GStreamer (GNOME Bugzilla) bugzilla at gnome.org
Wed May 3 14:11:13 UTC 2017


https://bugzilla.gnome.org/show_bug.cgi?id=734954

--- Comment #23 from Aurelien Larcher <aurelien.larcher at gmail.com> ---
(In reply to Tim-Philipp Müller from comment #22)
> No, but you must pass --build=i686-pc-linux-gnu for autotools to use/detect
> the right HOST_CPU. If it is omitted, and just -m32 or such is passed, then
> what Aurelien describes may happen. The patch Aurelien references is not
> right and should not be required if cross-compile is done correctly.

This is maybe true for Linux but Solaris/illumos has a different handling of
architectures (similar to IRIX) which actually predates Linux's 64-bit support.

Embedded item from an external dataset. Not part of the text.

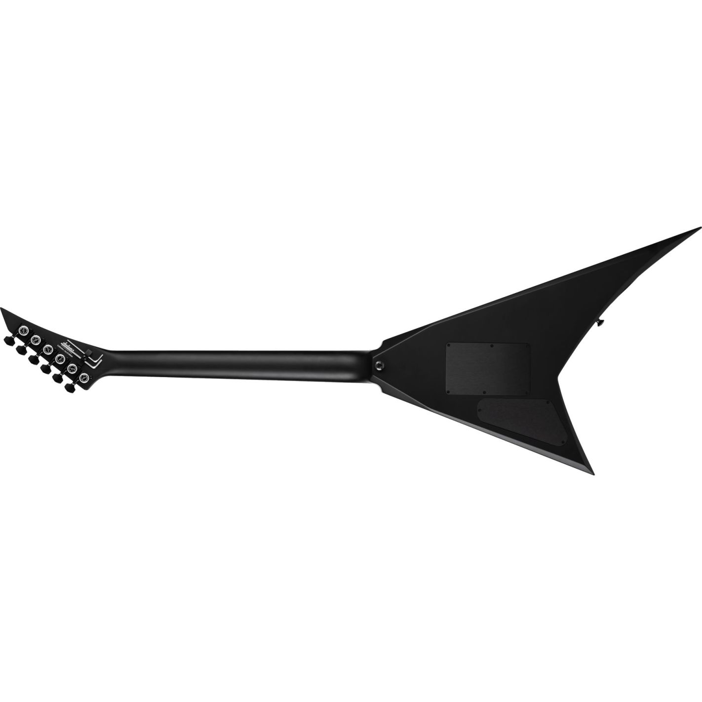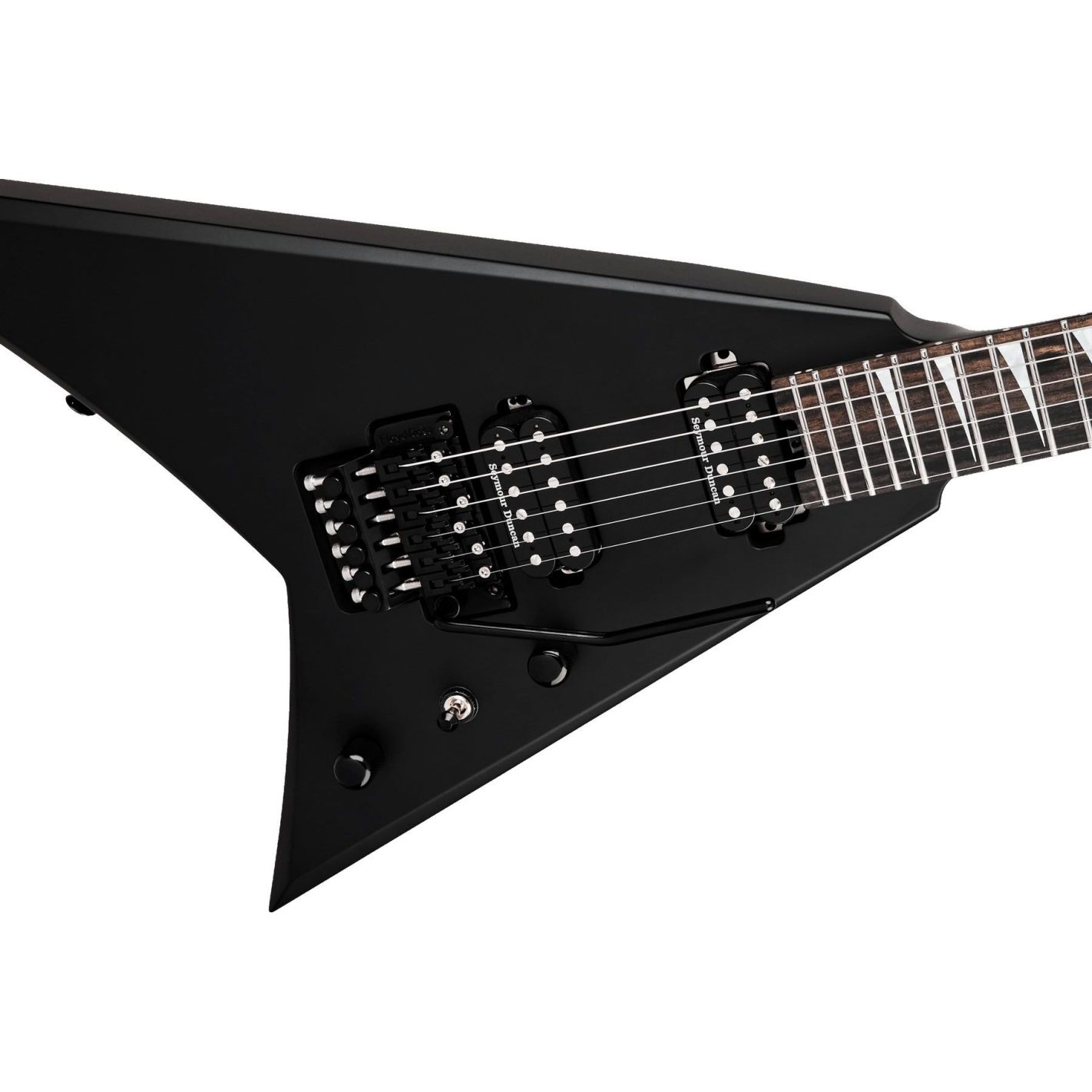 Guitarra eléctrica Jackson American Series Rhoads RR24 Satin Black - Cuerpo de aliso con acabado satinado. Mástil de arce de tres piezas en construcción neck-through con refuerzos de grafito y acabado satinado a juego, pala invertida Jackson Pointed 6 en línea. Diapasón de ébano con radio compuesto 12”-16”, 24 trastes jumbo de acero inoxidable, incrustaciones de aleta de tiburón invertida en madreperla y marcadores Luminlay. Cejuela y sistema de bloqueo Floyd Rose Serie 1500, escala 25.5” (648 mm), cejuela de 42,86 mm. Pastillas activas EMG 81 (puente) y 85 (mástil), configuración HH, controles de volumen y tono independientes, selector de 3 posiciones. Puente Floyd Rose Serie 1500 de doble bloqueo, clavijeros Gotoh MG-T con bloqueo, enganches Dunlop Dual-Locking, herrajes en negro. Incluye estuche Jackson RR Foam Core.

On Solaris/illumos the host architecture may support different ISAs (i386 and
amd64) and each ISA can have extensions (remember also that on IRIX up to 3
ISAs would co-exist).
Tools default to the least-common denominator for each architecture: that's why
for instance gcc defaults to 32-bit on 64-bit capable x86.

>From the beginning amd64 has been seen as an extension of i386 on 64-bit
capable machines, and not as a totally different architecture.
The reason is the care for backward-compatibility: providing 32- and 64-bit
libs and userland is a natural continuity if the 64-bit ISA is seen as an
extension, and not retrofitted with latter addition of "*-lib32" and
cross-compilation.

In this case, relying on HOST_CPU is incorrect because the host cpu being
assumed to be possibly both 32- and 64-bit capable, the switch happens with
compilation flags.

I guess it is a matter of definition.